- Born: May 15, 1912
- Died: March 24, 1979 (aged 66)
- Engineering career
- Institutions: Smithsonian Institution American Philatelic Congress Society of Philatelic Americans Collectors Club of New York
- Awards: Writers Hall of Fame APS Hall of Fame Lagerloef Award

= Franklin Richard Bruns Jr. =

Franklin Richard Bruns Jr. (1912–1979) of Maryland, United States, was a student of philately and served it in numerous ways, including writing a syndicated stamp collector newspaper column and serving as curator at the Smithsonian Institution.

==Philatelic literature==
From 1932 to 1972 Bruns wrote a stamp collector column that appeared in thirty newspapers. And, from 1942 to 1948, he was editor of the Collectors Club Philatelist for the Collectors Club of New York.

==Philatelic activity==
Bruns remained very active his entire life in advancing philately. At the American Philatelic Congress he was a founder and served in various positions, including president and editor. At the Society of Philatelic Americans he served as director, board secretary, and vice president. For the United States postal service, Bruns served on the Citizens Advisory Committee and was their director of philately from 1957 to 1962.

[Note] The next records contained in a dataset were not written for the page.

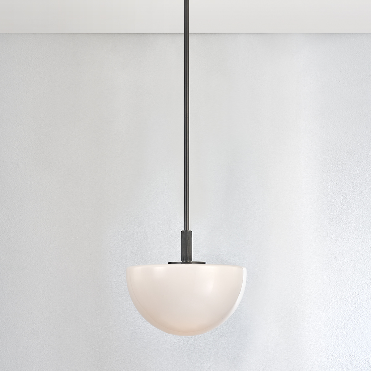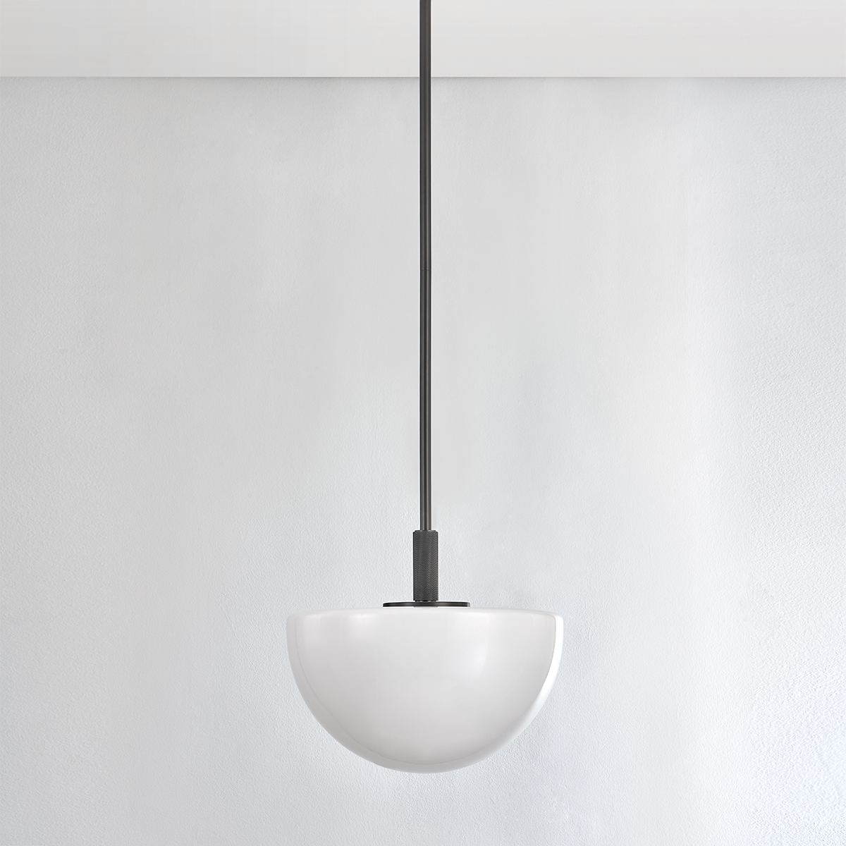 A half-round opal glossy glass shade with knurled metal details and a simple domed canopy give Lethbridge a modern industrial aesthetic. Available in three sizes and three classic finishes, this versatile pendant can work in various design styles.
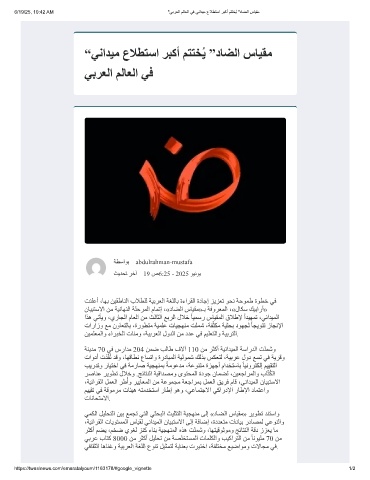 6/19/25, 10:42 AM "ﻲﺑرﻌﻟا مﻟﺎﻌﻟا ﻲﻓ ﻲﻧادﯾﻣ عﻼطﺗﺳا رﺑﻛأ مﺗﺗﺧُﯾ "دﺎﺿﻟا سﺎﯾﻘﻣ
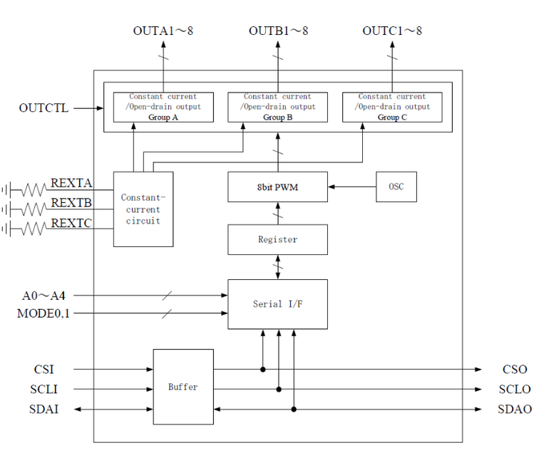 전기 장식용 LED 드라이버에 필수적인 기능으로는, 주소 지정이 가능한 시리얼 통신 을 통한 다양한 실시간 연출 등이 있다. 원하는 표시와 색상을 구현하기 위해서는 RGB 각각의 LED에 원하는 전류를 공급해야 하는데, LED에 공급되는 전류를 조정하기 위해 PWM 디밍 기능을 이용한다. 이 PWM 디밍 기능에는 넓은 다이내믹 레인지(공급 전류의 최대값과 최소값의 비율)와 세밀한 분해능, 높은 설정 정밀도가 요구된다.

Bruns started his work at the Smithsonian Institution in 1951 by being named Curator of the institution’s philatelic collection. Over the years, he continued his work at the Smithsonian, serving as research associate and supervisor and curator of postal history from 1971 to 1977. At the Cardinal Spellman Philatelic Museum he served as its first curator, serving from 1957 to 1962.

==Honors and awards==
Bruns received the Society of Philatelic American’s Lagerloef Award in 1972. He was named to the Writers Hall of Fame in 1979 and the American Philatelic Society Hall of Fame in 2005.